→ **Action item**
Reproduce the listing below exactly, minus its pictures.

→ **Source data**

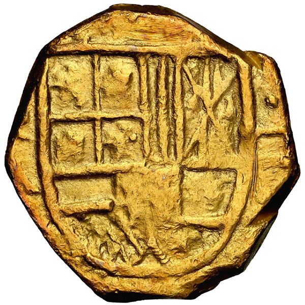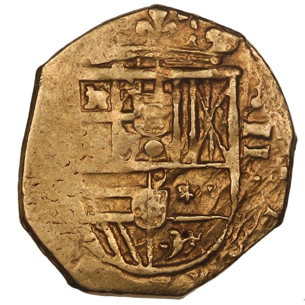 SPAIN, Seville, gold cob 2 escudos, Philip III, assayer not visible. Cal-Type 197; KM-20; Fr-189. 6.70 grams. Nice, bold AU with full shield and cross
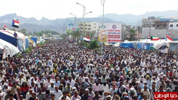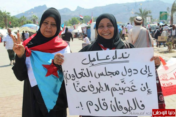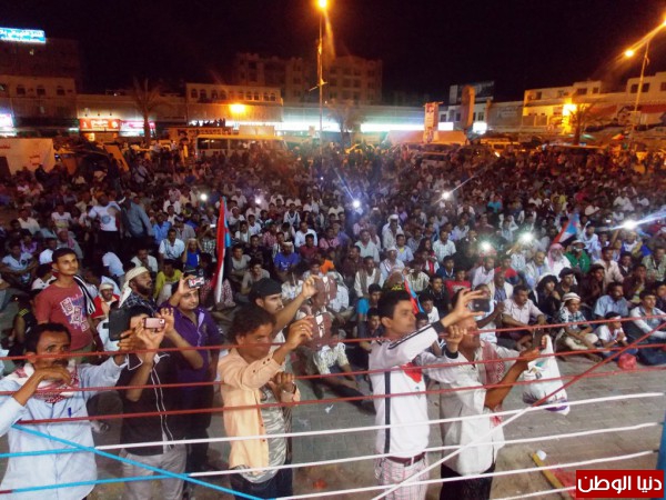 - ومن محافظة أبين وفدت إلى ساحة الاعتصام قافلة نسائية تؤازر المعتصمين، وزهرات مدارس أبين قدمن انشودة (انا طفل الجنوب) وقد ابدعن في تقديم هذه الانشودة .
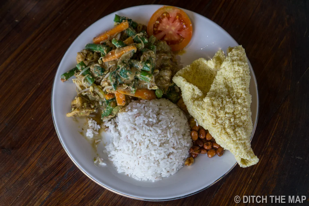 On our walk back from the waterfall hike we stopped at the restaurant, Eco Cafe 2, for a coffee break. This second floor restaurant showcased incredible views of the surrounding hazy mountains and rice fields. We had the whole place to ourselves and the traditional music playing in the background really completed the whole experience. We ordered two types of civet coffee- robusta and arabica. The coffee was served in a fancy contraption. We ordered some traditional Indonesian food to accompany our coffee. We enjoyed:

→ **Exercise result**
 SPAIN, Seville, gold cob 2 escudos, Philip III, assayer not visible. Cal-Type 197; KM-20; Fr-189. 6.70 grams. Nice, bold AU with full shield and cross
 - ومن محافظة أبين وفدت إلى ساحة الاعتصام قافلة نسائية تؤازر المعتصمين، وزهرات مدارس أبين قدمن انشودة (انا طفل الجنوب) وقد ابدعن في تقديم هذه الانشودة .
 On our walk back from the waterfall hike we stopped at the restaurant, Eco Cafe 2, for a coffee break. This second floor restaurant showcased incredible views of the surrounding hazy mountains and rice fields. We had the whole place to ourselves and the traditional music playing in the background really completed the whole experience. We ordered two types of civet coffee- robusta and arabica. The coffee was served in a fancy contraption. We ordered some traditional Indonesian food to accompany our coffee. We enjoyed:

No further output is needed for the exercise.